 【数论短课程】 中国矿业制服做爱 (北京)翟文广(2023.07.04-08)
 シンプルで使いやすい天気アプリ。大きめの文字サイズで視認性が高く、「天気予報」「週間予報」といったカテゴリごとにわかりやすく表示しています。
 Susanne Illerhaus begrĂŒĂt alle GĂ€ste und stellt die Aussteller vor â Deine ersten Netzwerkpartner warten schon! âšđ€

════════════════════

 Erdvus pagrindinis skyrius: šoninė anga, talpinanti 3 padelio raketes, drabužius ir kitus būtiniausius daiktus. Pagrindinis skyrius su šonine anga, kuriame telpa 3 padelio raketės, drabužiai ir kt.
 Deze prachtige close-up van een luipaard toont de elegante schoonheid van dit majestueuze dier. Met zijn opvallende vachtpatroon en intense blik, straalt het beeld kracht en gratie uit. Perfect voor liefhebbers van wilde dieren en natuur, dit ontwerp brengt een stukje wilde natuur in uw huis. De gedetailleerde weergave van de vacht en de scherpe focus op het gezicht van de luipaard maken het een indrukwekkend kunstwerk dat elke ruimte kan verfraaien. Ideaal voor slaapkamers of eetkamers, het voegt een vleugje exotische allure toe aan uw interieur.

════════════════════

▶ _What is being asked_:
Please return the lines above that run from the line containing "シンプルで使いやすい天気アプ" to the line containing "Susanne Illerhaus begrĂŒĂt", inclusive, exactly and with no other lines.

▶ _Problem solution_:
 シンプルで使いやすい天気アプリ。大きめの文字サイズで視認性が高く、「天気予報」「週間予報」といったカテゴリごとにわかりやすく表示しています。
 Susanne Illerhaus begrĂŒĂt alle GĂ€ste und stellt die Aussteller vor â Deine ersten Netzwerkpartner warten schon! âšđ€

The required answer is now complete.